На него шикали, но он отмахивался, как от мух, не хотел сдаваться; диковатые глаза застыли, как бы ощетинившись белесыми ресницами, рыжие волосы всклокочены.
— Это зажим! — выкрикивал он, разрубая ладонью поднявшийся шум. — Я прошу слова, у меня есть возражения!
Никита встал и молча в упор поглядел на Фургонова. Тот как-то сразу обмяк, покосился направо, налево и сел за парту. Даже Болотин его не поддержал. Ребята засмеялись.
Не знаю, что на меня подействовало, но я еще до собрания почувствовал, что мне стало легче жить среди ребят. Меня перестали чураться, прекратили именовать «лидером дверей»; девчата, а в особенности Зина Краснова, запросто приходили за помощью, а назначение меня старшим по группе столяров подняло мой авторитет.
Я долго готовился к своему выступлению на собрании, заготовил длинную речь, которую мысленно произносил, несколько раз. И когда меня попросили рассказать автобиографию, я вышел к председательскому столу и начал довольно смело:
— Я родился в 1917 году… в год Великой Октябрьской социалистической революции… — и запнулся: дальше мне нечего было сказать, автобиография моя кончилась, все заготовленные слова вылетели из головы. Во рту пересохло. В затянувшемся молчании я видел перед собой много сочувствующих мне глаз.
Все вдруг нахлынуло сразу: и образ отца, и ласковые глаза матери, и слова Степана Федоровича Доброва: «Значит, сердцем ты рвешься в комсомол…» — и ночное посещение Сергеем Петровичем нашего общежития, и смелый юноша Данко с его горящим сердцем, и развевающееся знамя в руках красноармейца, виденное мною в какой-то кинокартине, и почему-то рядом с красноармейцем образ Ленина с поднятой рукой, он как бы указывал путь в будущее…
Все это слилось воедино, все чувства смешались в один клубок, сдавили горло.
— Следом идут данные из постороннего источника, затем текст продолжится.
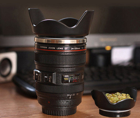 Stainless Steel Camera Lens Mug for Coffee and Tea Enthusiasts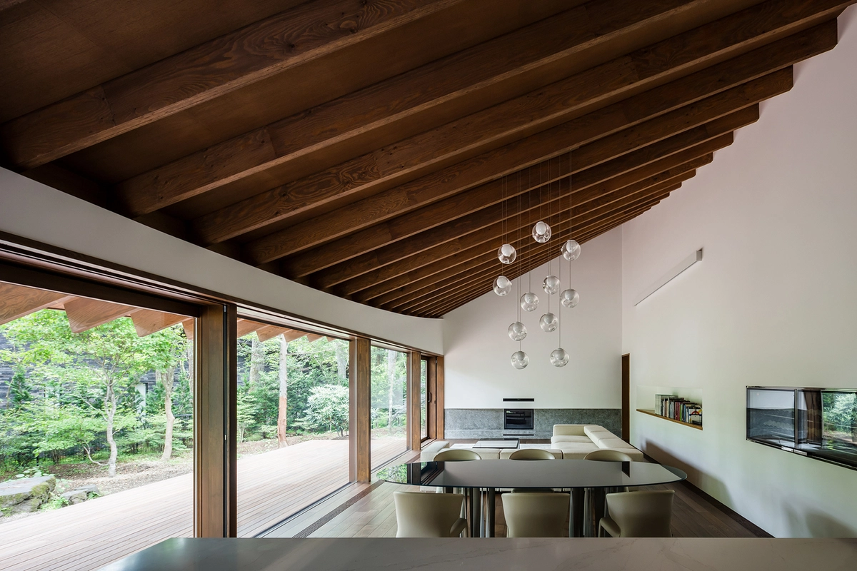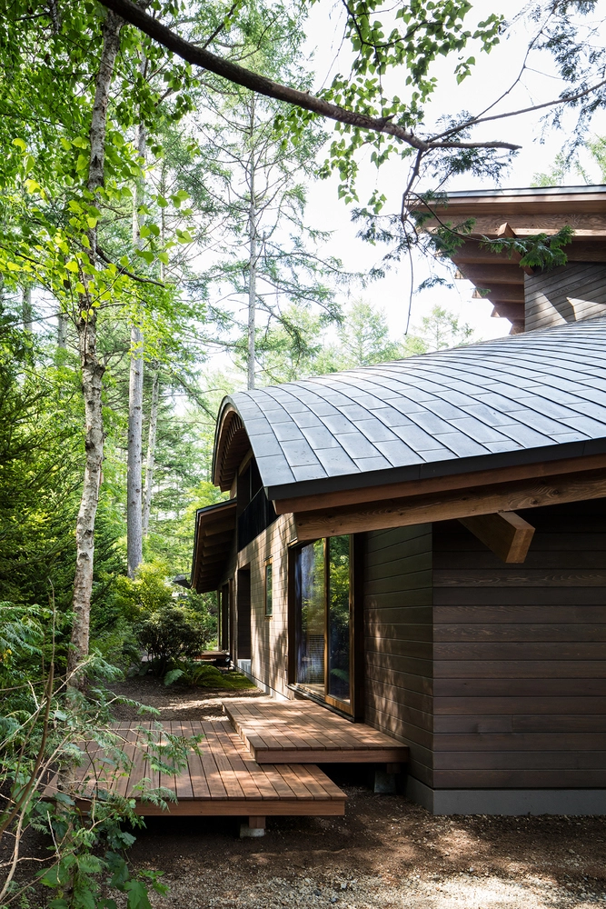 Cuatro hojas alabeadas inspiran a KIAS su Casa en Karuizawa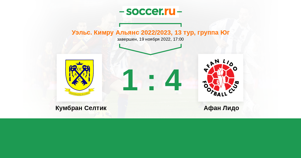 | Кумбран Селтик | 21:43 | 15:16 | 6:27 |
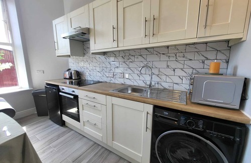 Step inside this stylish first-floor apartment on trendy MacCurtain Street, right in the heart of Cork City. The bright, open-plan living and kitchen area is filled with natural light, featuring a large sofa, flat-screen TV, Wi-Fi, and all modern conveniences, making it perfect for relaxing or socialising.

Я только и смог добавить к сказанному:
— Даю честное комсомольское слово… — взволнованно продолжал я, — нет, я клянусь, что буду до конца преданным Родине, партии, комсомолу…
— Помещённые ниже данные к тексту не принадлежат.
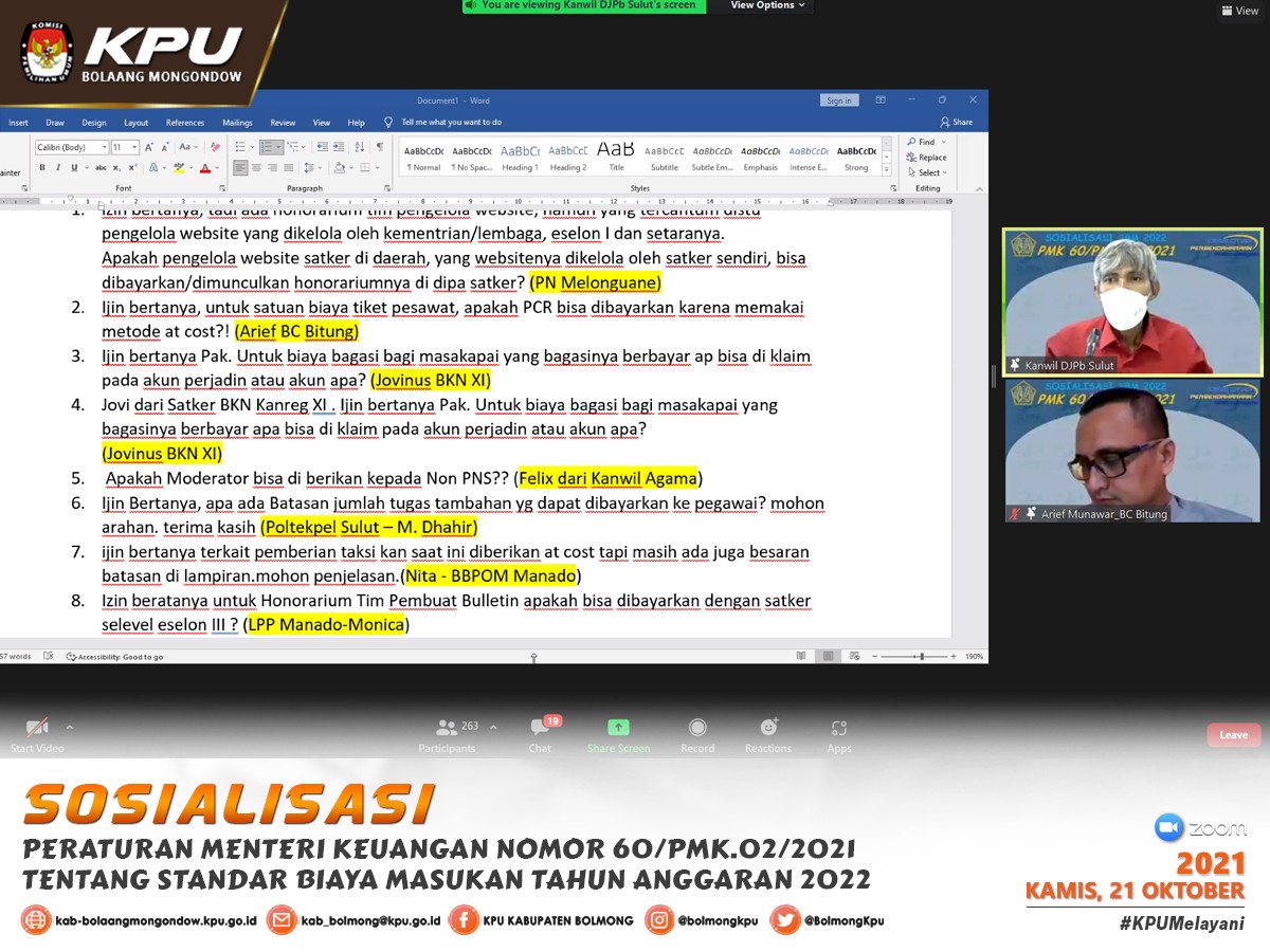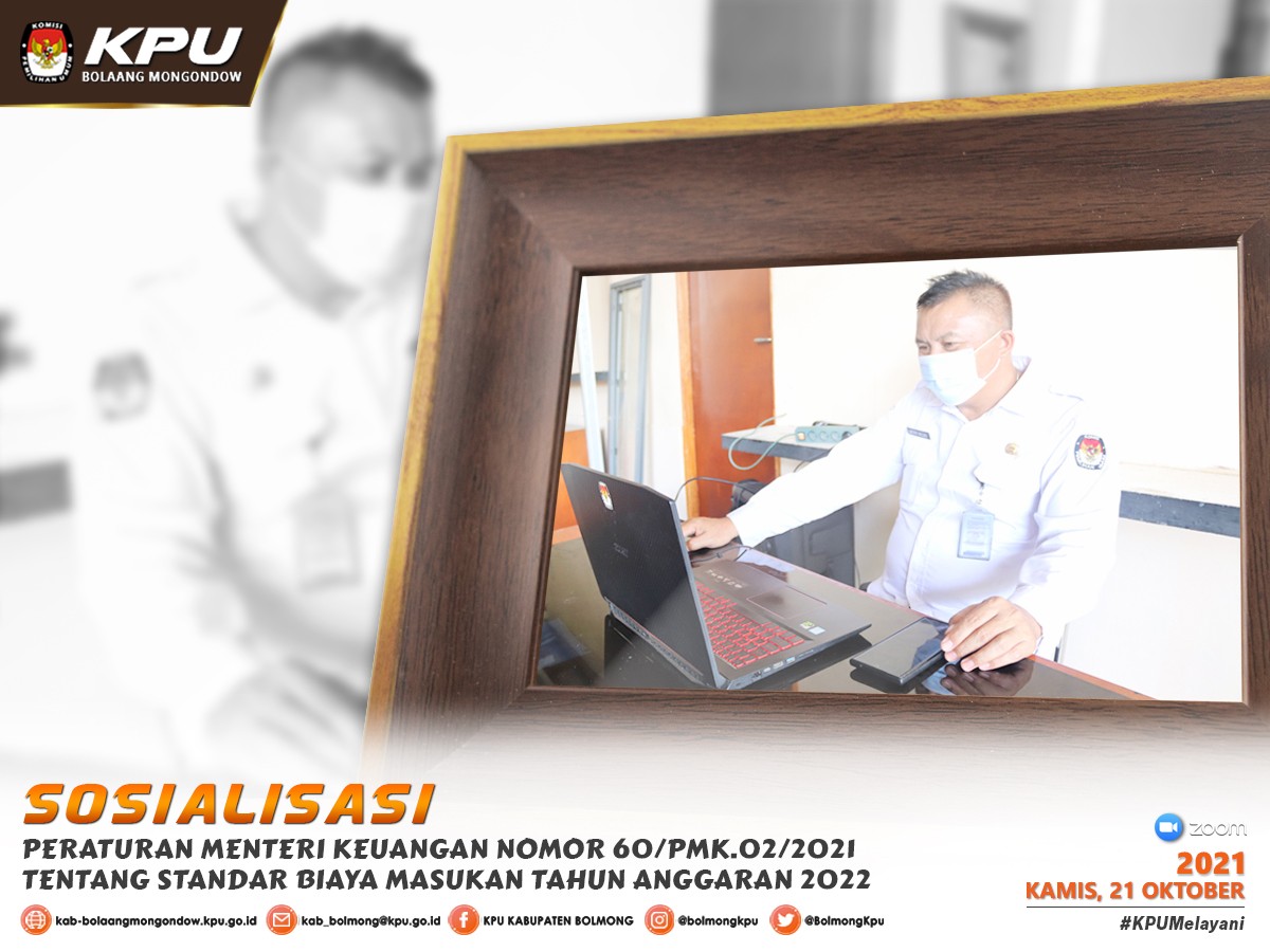 Lolak - Sekretaris KPU Kabupaten Bolaang Mongondow selaku Kuasa Pengguna Anggaran (KPA) mengikuti Sosialisasi Peraturan Menteri Keuangan (PMK) Nomor 60/PMK.02//2021 tentang Standar Biaya Masukan (SBM) Tahun Anggaran 2022 secara daring melalui aplikasi Zoom Meeting pada Kamis 21 Oktober 2021 sebagaimana surat undangan Direktorat Jenderal Perbendaharaan Kantor Wilayah Sulawesi Utara Nomor : UND-106/WPB.30.2021.

Когда Никита, облегченно вздохнув, улыбнулся и спросил: «Кто за то, чтобы принять Ракитина в члены Ленинского комсомола?», когда я увидел массу вскинутых вверх рук, все теснившие грудь чувства прорвались наружу, я до боли зажмурил глаза, чтобы не показать ребятам, как на них навернулись слезы.
Вскочив на парту, я распахнул окно.
День был солнечный, все кругом сияло. Над заводом в синем небе живописной многоярусной грядой высились белые облака. Они как будто стояли на одном месте, но если посмотреть пристальнее, то можно было заметить, что они медленно и величаво двигались за Волгу: большие, красивые, торжественные. Я глядел на облака, и в душе у меня все смеялось и пело от радости и счастья.
…Да, нам было, что рассказать Тимофею Евстигнеевичу: например, о первомайском концерте.
На этом концерте во Дворце культуры впервые выступал Санька Кочевой. Он с нетерпением ждал этого дня, но когда, наконец, день пришел и он узнал о том, что в концерте примет участие прибывшая на завод Серафима Казанцева, наша пароходная знакомая, вдруг струсил и хотел совсем отказаться от выступления. Мы настояли, и он согласился при условии, что кто-нибудь из нас будет находиться рядом с ним. Мы решили, что сопровождать его будет Никита.
Сначала мы слушали доклад Сергея Петровича, посвященный международному дню трудящихся — Первому мая.
На сцене за длинным столом сидели члены президиума. На стене висел огромный портрет Сталина: лицо его было внимательно, как будто он прислушивался и присматривался к сидящим в президиуме людям.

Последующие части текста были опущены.